Crise hémorroïdes que faire : soulager la douleur rapidement
Une crise hémorroïdaire impose des réflexes précis : soulager la douleur rapidement, choisir un traitement adapté et corriger les habitudes qui entretiennent l'inflammation pour éviter les récidives.
Reconnaître une crise hémorroïdaire et ses causes
Une crise hémorroïdaire apparaît quand les veines situées au niveau de l'anus et du canal anal se dilatent et s'enflamment. Cette irritation locale peut provoquer une gêne nette, parfois brutale, surtout au moment de la selle ou après un effort.

Symptômes et durée d'une crise hémorroïdaire
Dans une crise d'hémorroïdes, les signes les plus fréquents sont une douleur locale, des démangeaisons, une sensation de pesanteur et parfois un saignement rouge vif après la selle. La gêne augmente souvent au moment d'aller à la selle ou en position assise prolongée.
- Douleur anale : elle est liée au gonflement des vaisseaux du canal anal et peut s'accentuer à l'effort.
- Saignements : quelques traces de sang rouge vif peuvent apparaître sur le papier toilette ou après la selle.
- Sensation de lourdeur : elle peut toucher la région de l'anus et du rectum.
- Démangeaisons : l'irritation locale est fréquente, surtout si la zone reste humide ou sensible.
La durée d'une crise hémorroïdaire est souvent courte : 2 à 4 jours dans les formes simples, avec une amélioration progressive, spontanée ou grâce à un traitement adapté. Si les symptômes d'une crise hémorroïdaire s'installent ou reviennent souvent, il devient utile de consulter.
Quels facteurs déclenchent une crise d'hémorroïdes
La constipation reste la cause la plus fréquente : les efforts répétés à la selle augmentent la pression sur les veines de l'anus et du rectum. À l'inverse, une bonne hydratation, davantage de fibres et un rythme intestinal plus régulier constituent une alternative concrète à l'irritation répétée de la zone.
D'autres facteurs favorisent une crise hémorroïdaire : sédentarité, grossesse, accouchement, alimentation très épicée, alcool ou café chez certaines personnes.
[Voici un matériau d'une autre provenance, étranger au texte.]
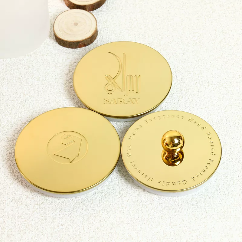 Tilpassbar, kan lokket lages med intaglio og pregeteknikker for å lage en rekke logoer, inkludert merkesymboler, for å oppfylle individuelle behov fullt ut. Kompatibel med alle stearinlyskrukker, tilfører det et unikt dekorativt og særegent preg. Rustfritt ståls holdbarhet og resirkulerbarhet bidrar til bærekraftig bruk. Enten brukes til installasjon av hjemmet duft eller tilpasset merkeemballasje, forbedrer den unike metallstilen den generelle kvaliteten på stearinlyset, noe som gjør det til et premiumtilbehør som kombinerer praktisk med estetikk, individualitet og miljøvennlighet.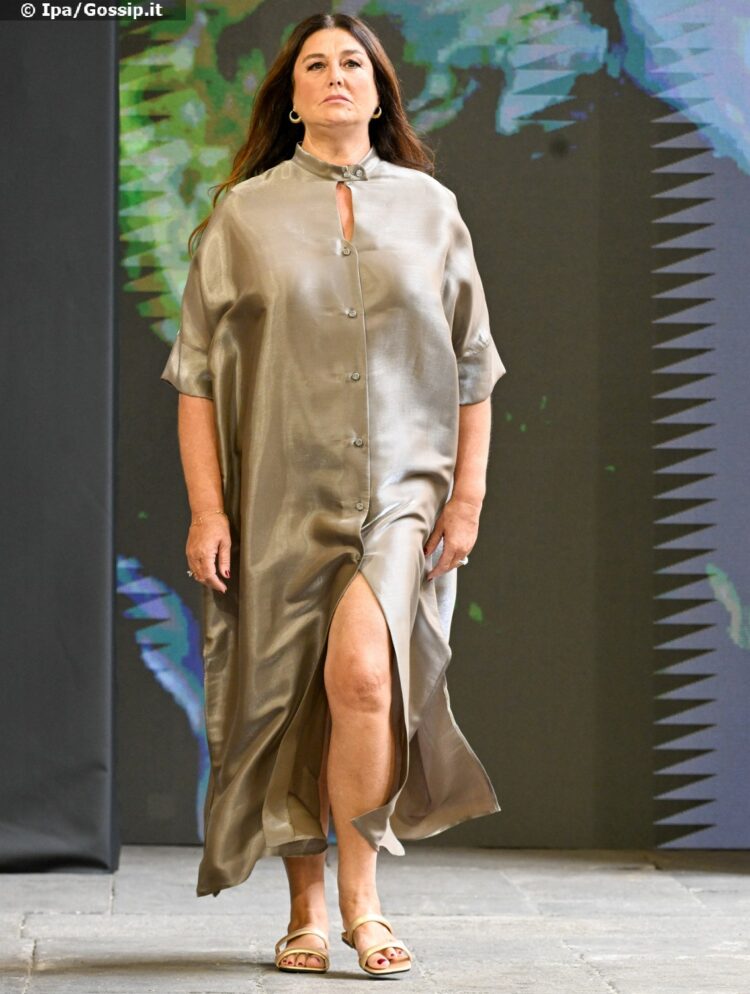 Prima volta per la mamma di Belen Rodriguez bellissima negli abiti di Martino Midali alla Milano Fashion week.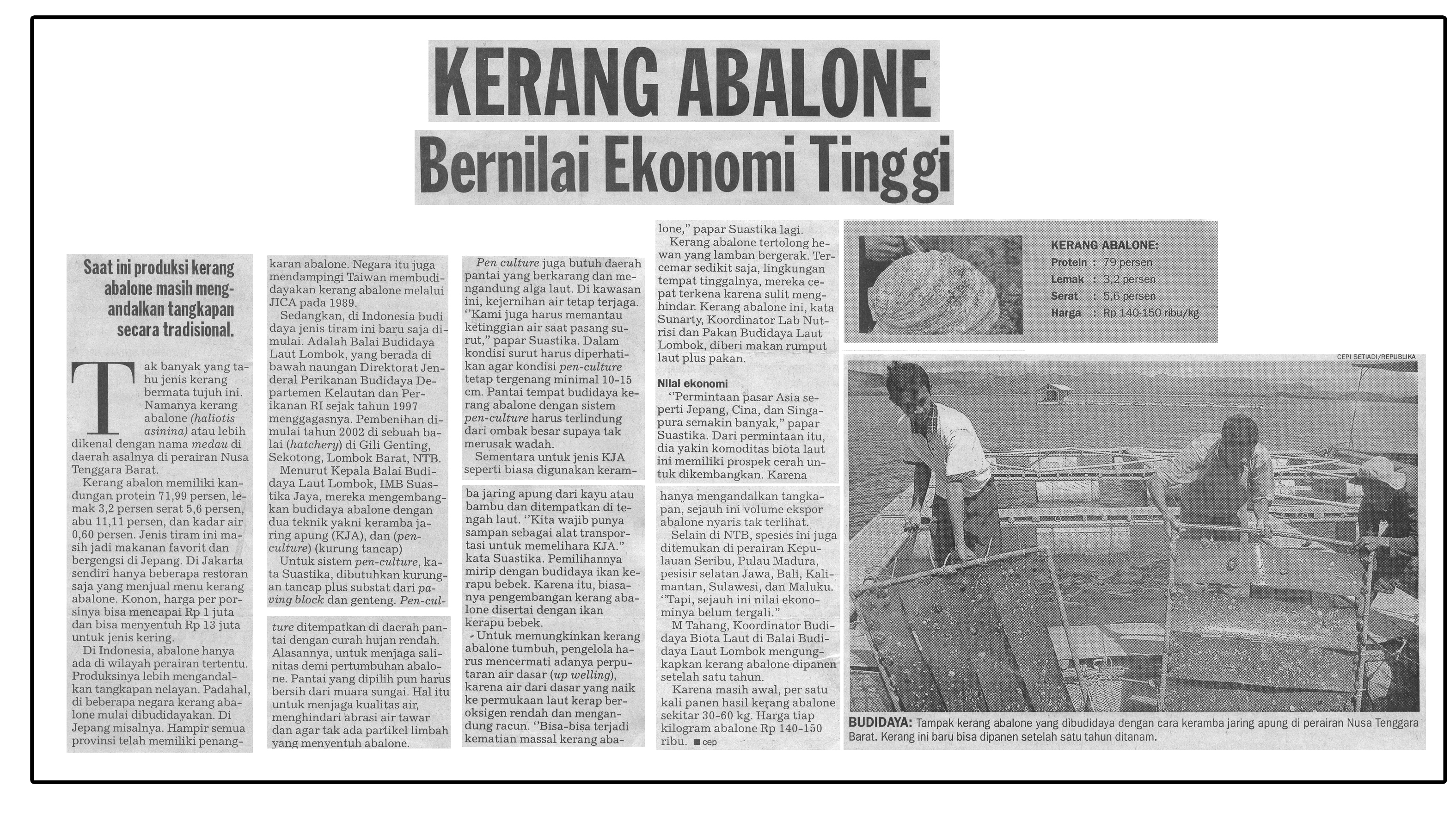 2009 - Studi Potensi Pengembangan Budidaya Laut di Lokasi Coremap II Kabupaten Lingga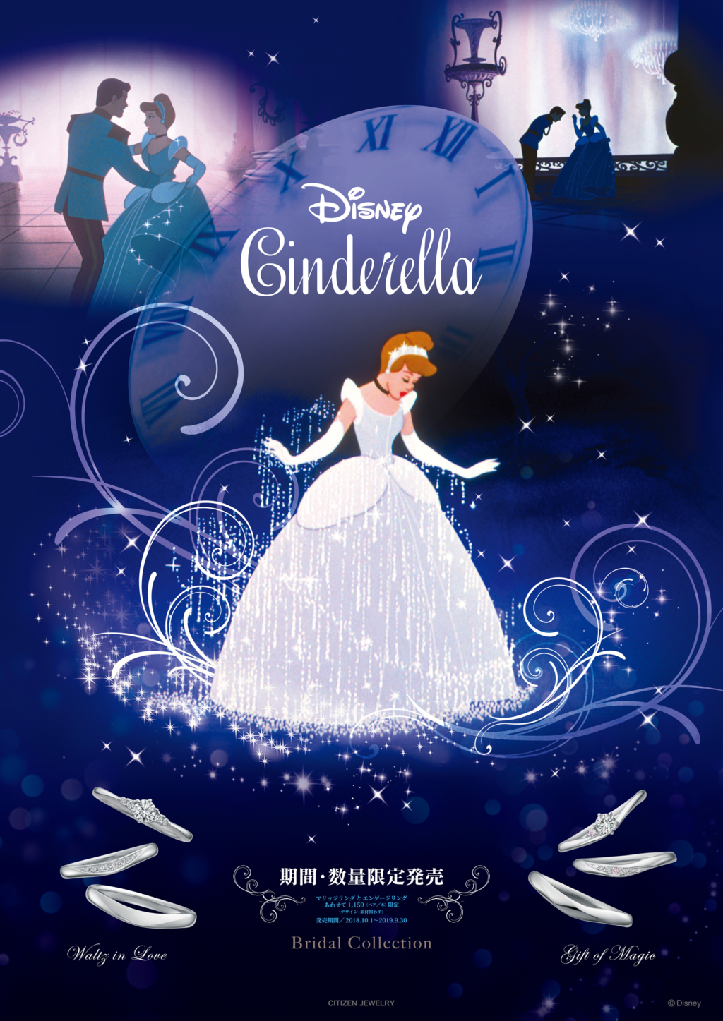CITIZENにより、ディズニーの婚約指輪・結婚指輪のブライダルコレクション“Disney Cinderella”が登場しました。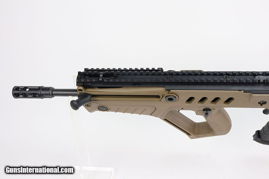 Description: This is an IWI Tavor SAR rifle with 16.5 inch barrel and 30 round magpul magazine. In 2013, IWI started a US subsidiary, IWI US, which is manufacturing the semi-automatic TC-21 as the Tavor SAR for U.S. sales. The weapon is manufactured with a combination of Israeli and US parts. IWI US had shipped 50,000 Tavor SARs to US civilian customers by early 2016. Flat dark earth (FDE) finish shows minor age and handling wear but excellent condition overall. This particular example was upgraded with the Geissele trigger pack and bow trigger, and also has a super compensator installed. Excellent bore that shows very little use. Also includes the barrel takedown tool. SOLD Rifle Caliber: 5.56x45mm NATO Manufacturer: IWI US Model: TAVOR TAR Serial Number: T0013353 Bore: 9.5/10 Condition: Excellent Manufacture Date: 2010s |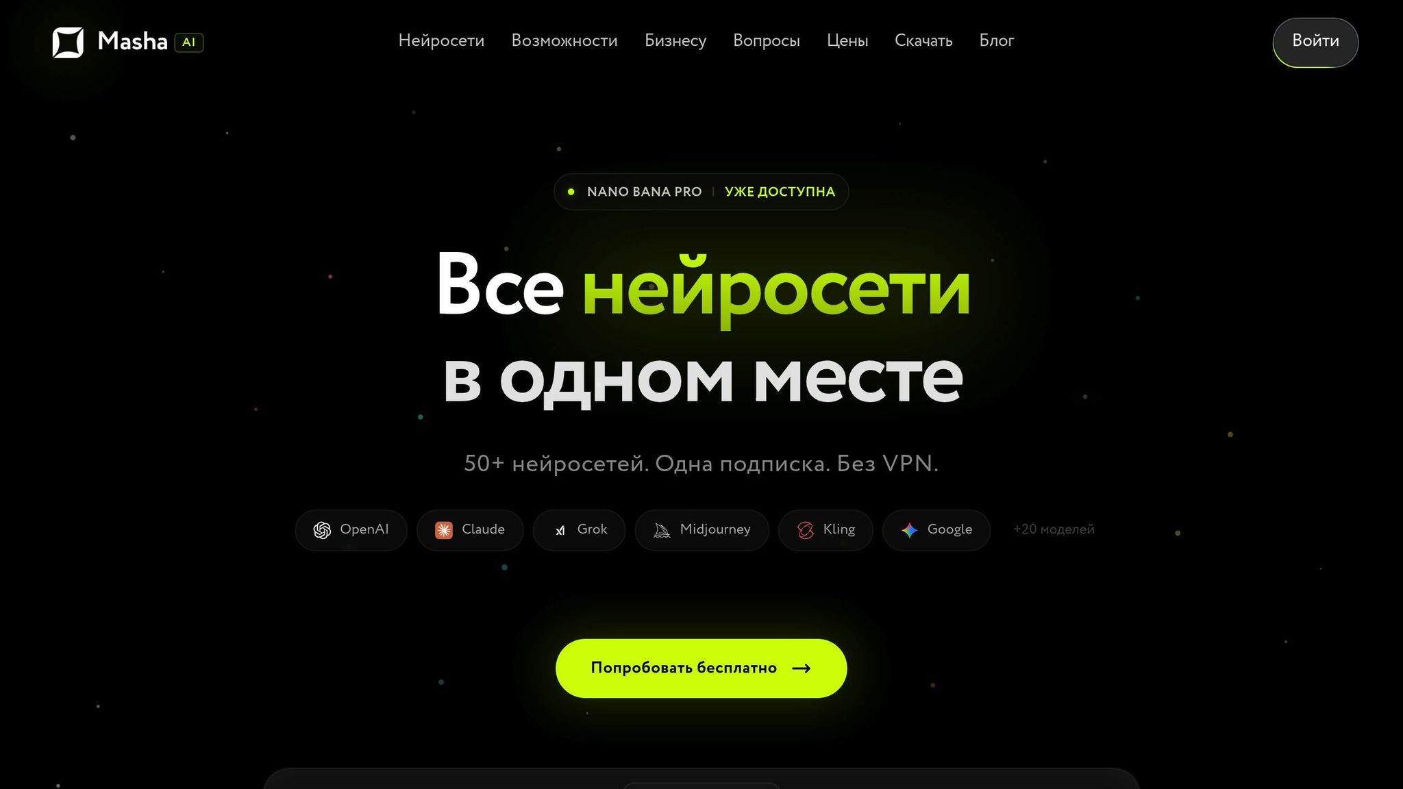 | MashaGPT | Информация отсутствует | Информация отсутствует | Генерация текстов и описаний | Работа с различными AI-моделями |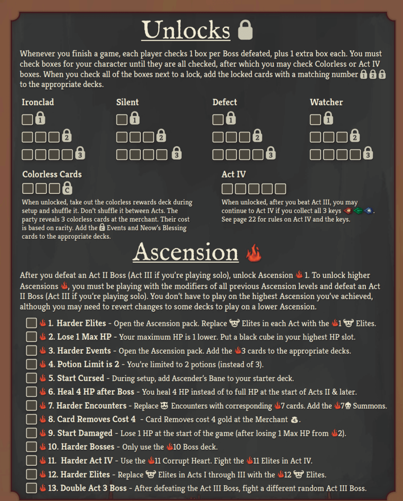 - Larger cards for each of the Bosses, and their alternate versions for higher Ascensions.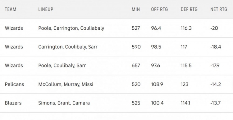 上图可见:倒数第一为奇才的普尔、卡林顿和库利巴利;倒数第二为奇才的卡林顿、库利巴利和萨尔;倒数第三为奇才的普尔、库利巴利和萨尔;倒数第四为鹈鹕的麦科勒姆、穆雷和米西;倒数第五为开拓者的安芬尼-西蒙斯、格兰特和卡马拉。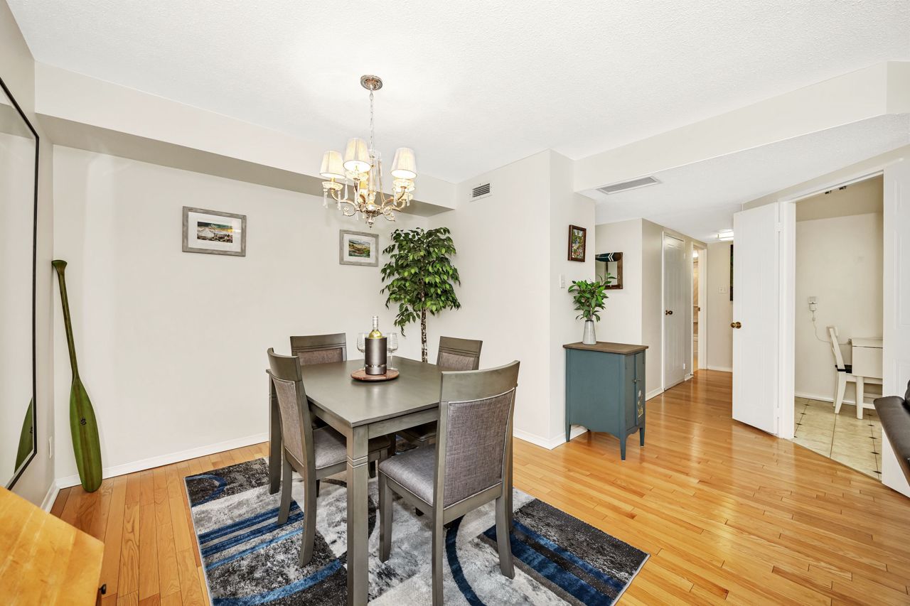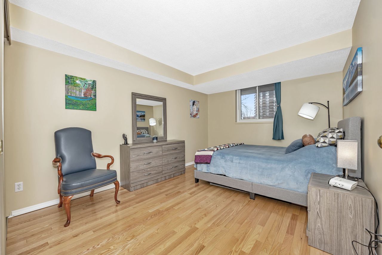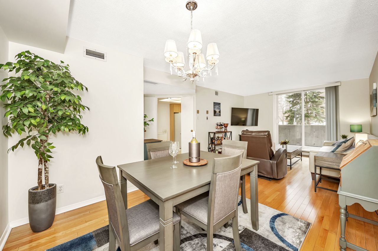 This rarely offered 1-bedroom, 1-bathroom condo offers convenience and comfort in an unbeatable location. Situated within walking distance to The Ottawa Hospital General Campus and CHEO, it's perfectly positioned near parks, transit, and a serene walking trail. Located on the main floor of a secure, meticulously maintained building, this unit features a raised open balcony overlooking a fenced green space, exclusive to Vista on the Park owners, providing ample natural light indoors and bright sunshine outdoors. The condo boasts gleaming oak hardwood floors, an open-concept living and dining area, and a spacious kitchen with abundant storage, ideal for downsizers or professionals seeking a stylish yet functional home.The generously sized primary bedroom includes ample closet space and a large window, across from a 4-piece main bathroom and conveniently situated near the in-suite laundry. Additional conveniences include underground heated parking and a storage locker. Enjoy an array of amenities, including a gym, yoga studio, saunas, BBQ area, library, and workshop, making it easy to embrace a well-rounded lifestyle. Condo fees cover central air, water, and concierge services, adding to the ease of ownership. Don't miss this exceptional opportunity!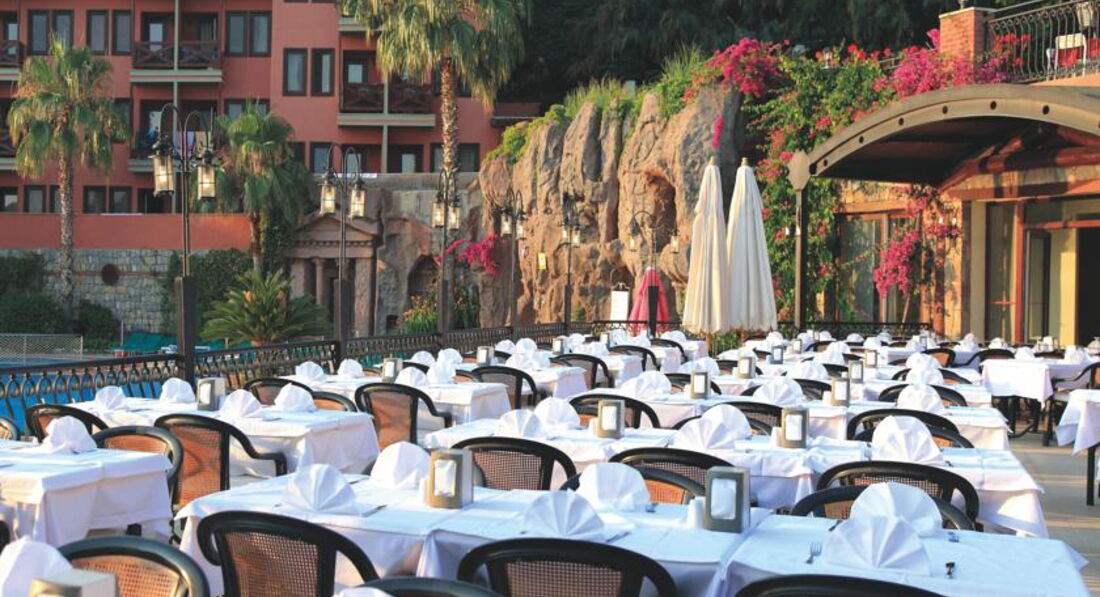 Бари та ресторани: головний ресторан розрахований на 750 осіб (літня тераса, дитячі стільці), бар біля басейну (10:00-24:00), teras bar (18:00-24:00).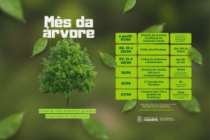 A Prefeitura de Cianorte, por meio da Secretaria de Meio Ambiente e Bem-Estar Animal, preparou uma programação especial para setembro, o Mês da Árvore, com uma série de atividades que incentivam a sensibilização e a participação popular na preservação ambiental. As ações, que vão desde plantio de mudas e trilhas ecológicas até uma corrida, buscam fortalecer o vínculo da comunidade com a natureza.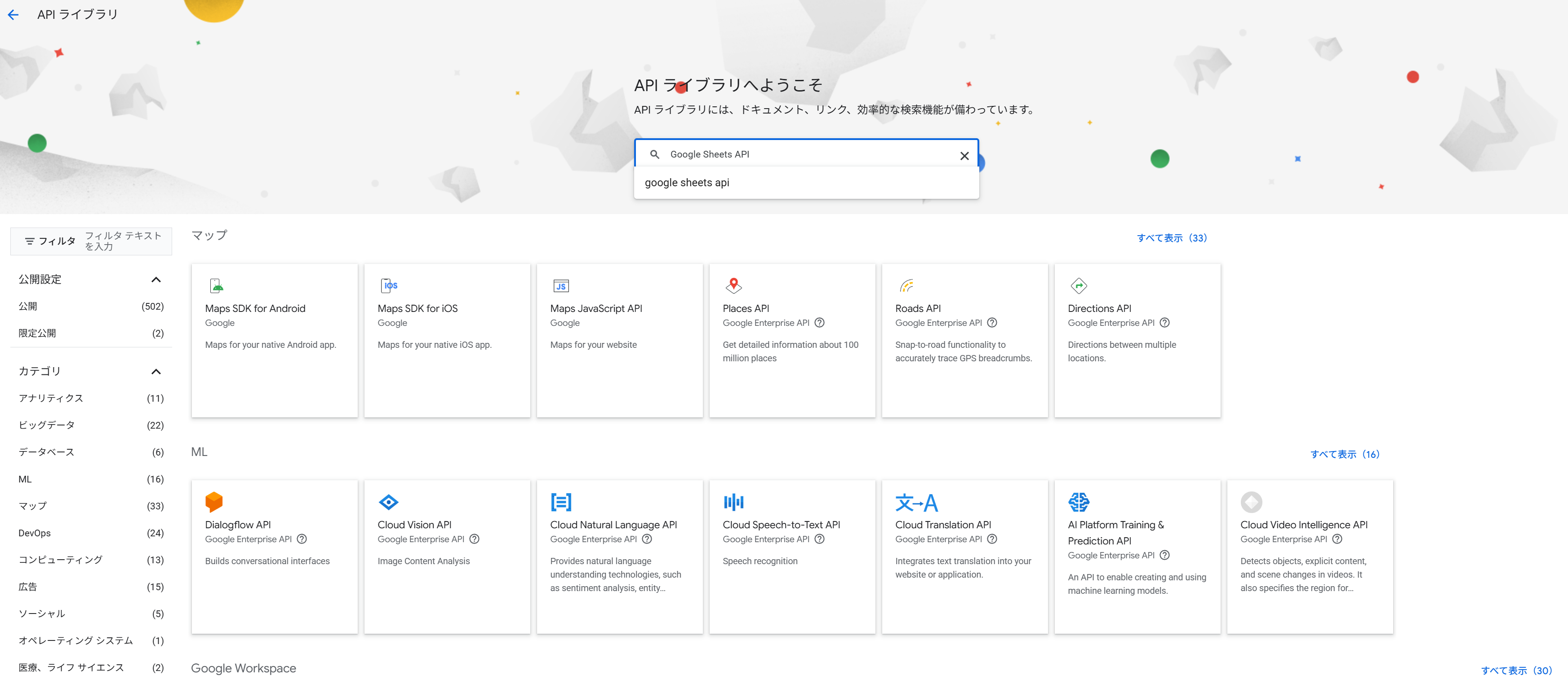 - 「APIとサービス」 → 「ライブラリ」 を選択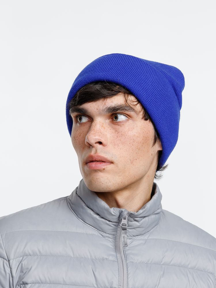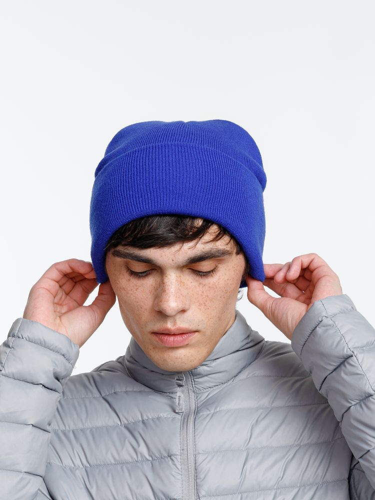 Двухслойная шапка из акриловой пряжи с регулируемым отворотом 7–10 см.

La différence se joue sur des gestes simples : éviter de rester assis trop longtemps, ne pas retarder l'envie d'aller à la selle et limiter les efforts prolongés.
La déshydratation ou certaines maladies du foie, comme la cirrhose, peuvent aussi contribuer à la congestion veineuse. Dès les premiers signes, corriger ce qui entretient la pression locale aide à soulager plus vite.
Complications et quand consulter un médecin
La thrombose hémorroïdaire correspond à la formation d'un caillot dans une hémorroïde. La douleur devient alors très vive, avec un gonflement parfois bleuté, et l'évolution peut durer de 5 à 15 jours. Le prolapsus, lui, désigne la sortie des hémorroïdes internes hors de l'orifice anal, parfois depuis le rectum.
Il faut consulter un médecin rapidement en cas de première crise avec saignement, de douleur intense, de fièvre, d'impossibilité d'aller à la selle depuis plus de 48 heures, ou si les symptômes persistent au-delà d'une semaine. Une évaluation permet d'écarter une autre cause, d'adapter le traitement et, si nécessaire, de proposer un médicament approprié.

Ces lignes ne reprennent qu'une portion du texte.